I’ve been doing something analogous to sprite sheets, using mask textures, but obviously without engine support. This works well at certain scales, whereas with others I get cracks, much like a tiled map might have. I’m wondering if it’s possible to do this right, given more information.
The first question is more of a sanity-check (I’ve not had a lot of luck finding a “standard” example): assuming a scale of (1, 1), should a mask image have the same dimensions as its corresponding object, or those values plus the black pixel borders?
Secondly, what is the impetus behind the three black pixels on the border? Is this a common technique, or particular to Corona? (I ask, since I had little luck with Google here.) My best guess at the moment is that it simplifies some behavior outside the graphics card (fetching pixels for hit tests?), but I’d like to be sure.
My motivation is to apply marching squares to various tile-based things (so far, I use a “mask things out” approach, to carve paths, and “preserve these pixels” to smooth articulated shapes). The frames in the mask sheet correspond to the different contour lookup entries. Unfortunately, a lot of tile sizes are getting ruled out right now as cracks show up.
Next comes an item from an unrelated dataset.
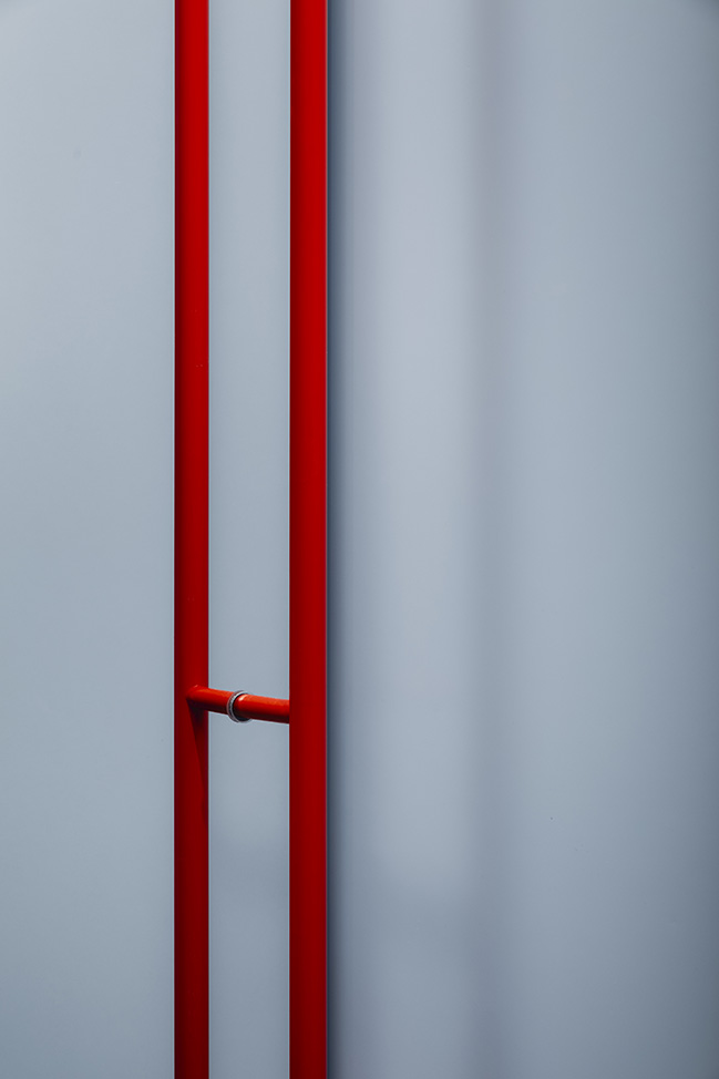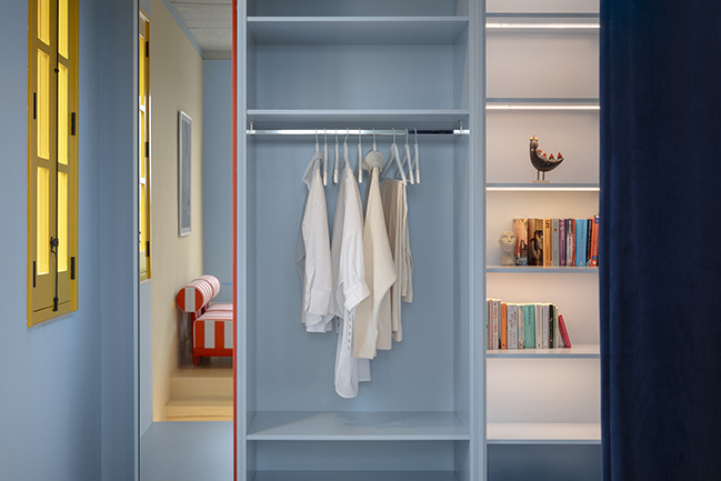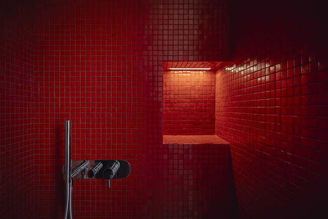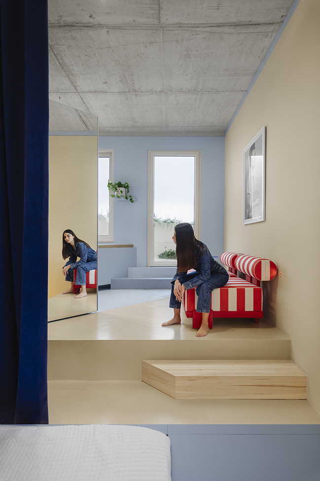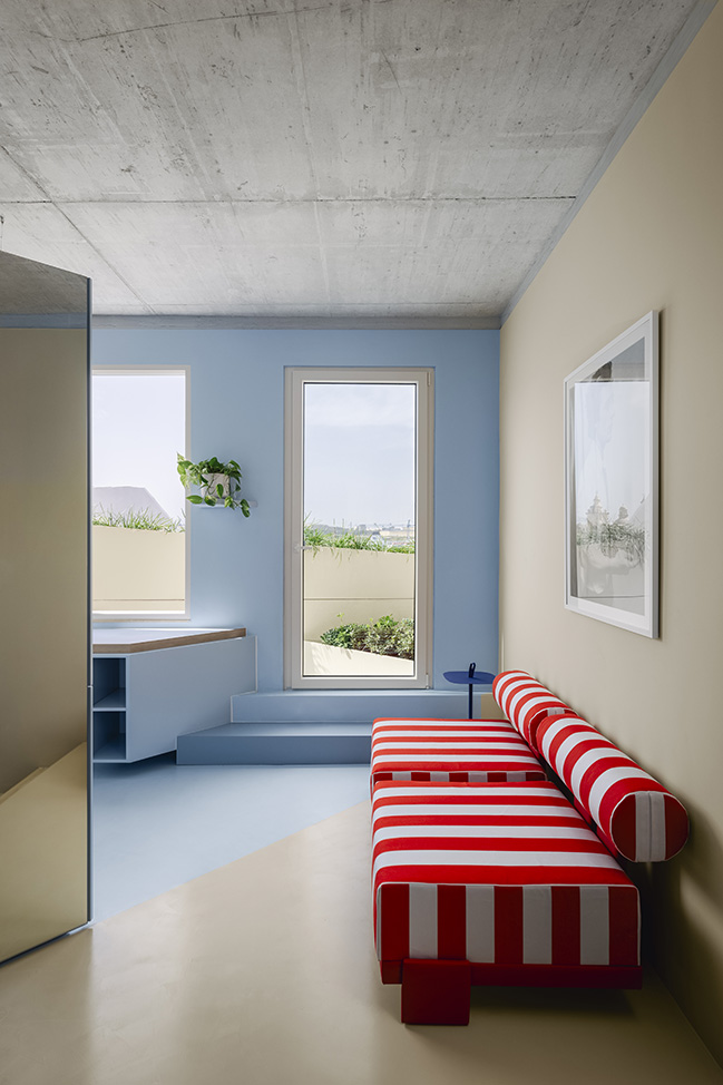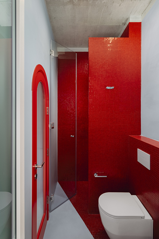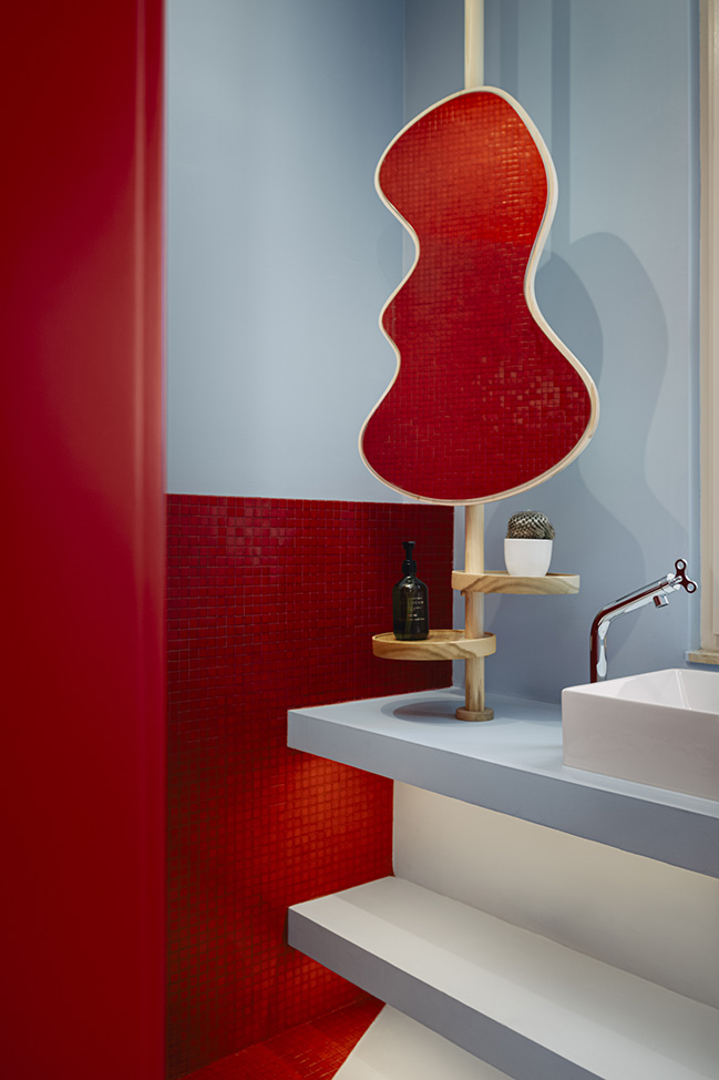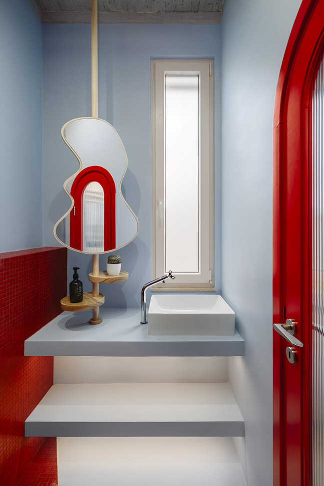 The design unfolds through a harmonious chromatic language, with sky blue and limestone beige forming the base tones. These reflect the surrounding cityscape, while vibrant punctuations of primary red in custom furnishings add an expressive layer. Two strategic visual axes structure the space, one drawing the eye toward the terrace, reinforcing the indoor-outdoor connection, and another extending from the shower area to panoramic urban views, expanding the perceived volume.
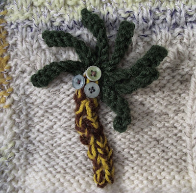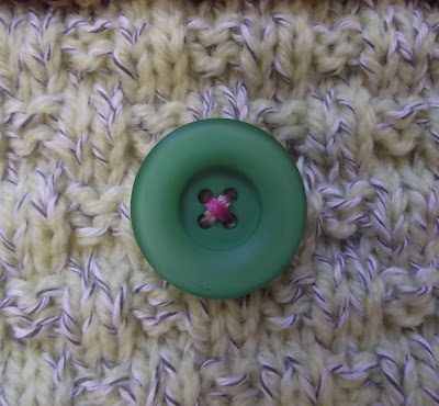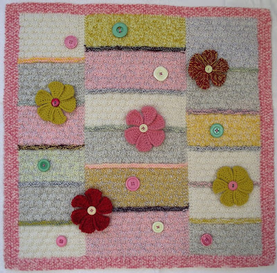 ... and thickened the pink and yellow yarns to the same weight as the chunky cream and beige, which can be seen on the left of this picture.  The whole thing is finished off with buttons and knitted flowers, and is now ready for someone who needs a bit of extra warmth and comfort this winter.

The current sheet logic is here (I called them “reels” because the output looked like film reels, but I’m warming up to mask sheet… reel won’t even make sense if they become 2D grids) and the marching squares generator is here (at present, there’s no interpolation, and the “obvious” way is a lot of work :P).
With respect to the second question in particular, do I also need three black pixels between “frames”, for correctness? Or is that meaningless, off-border? And if the former, is it fine that two side-by-side frames share the border?
Any help is appreciated. Thanks for reading!